Today in History (May 7th):
1711: Birthdays: Scottish philosopher David Hume.
1718: City of New Orleans was founded.
1763: Ottawa Indian chief Pontiac led a major uprising against the British at Detroit.
1789: The first presidential inaugural ball, celebrating the inauguration of George Washington, was conducted in New York City.
1812: Birthdays: English poet Robert Browning.
1824: Beethoven’s Ninth Symphony was performed for the first time.
1833: Birthdays: German composer Johannes Brahms.
1840: Birthdays: Russian composer Peter Ilyich Tchaikovsky.

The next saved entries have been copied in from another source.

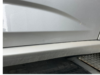
Kapı, sağ ön, Kapı, sağ ön > Çizik
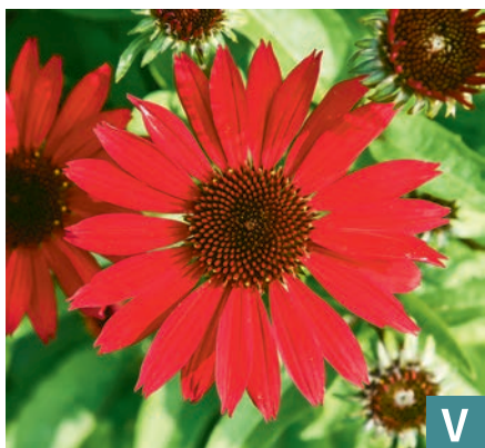
74688 | Pearl Deep Red Echinacea hybrida VI:VII →35 |35/40 ☀️ ❄️ 5 🌿
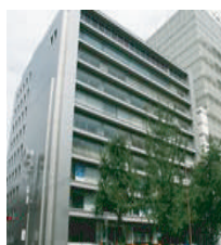
御堂筋ビル 関西トラスト本社社屋 大阪市中央区西心齋橋 1-4-5
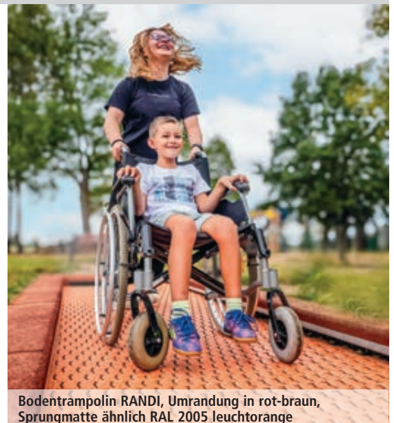
Bodentrampolin RANDI, Umrandung in rot-braun, Sprungmatte ähnlich RAL 2005 leuchtorange

1885: Birthdays: Western actor George Gabby Hayes.
1892: Birthdays: Poet Archibald MacLeish; Yugoslav leader Josip Broz Tito.
1901: Birthdays: Actor Gary Cooper.
1909: Birthdays: Edwin Land, inventor of the Polaroid instant camera.
1915: A German U-boat sank the British liner Lusitania off the coast of Ireland, killing nearly 1,200 people, including 124 Americans.
1919: Birthdays: Argentine political figure Eva Peron.
1922: Birthdays: Actor Darren McGavin.
1931: Birthdays: Singer Teresa Brewer.
1933: Birthdays: Pro Football Hall of Fame quarterback Johnny Unitas.
1939: Birthdays: Singer Johnny Maestro; Singer Jimmy Ruffin.
1945: U.S. Army Gen. Dwight Eisenhower accepted the unconditional surrender of Nazi Germany from Gen. Alfred Jodl.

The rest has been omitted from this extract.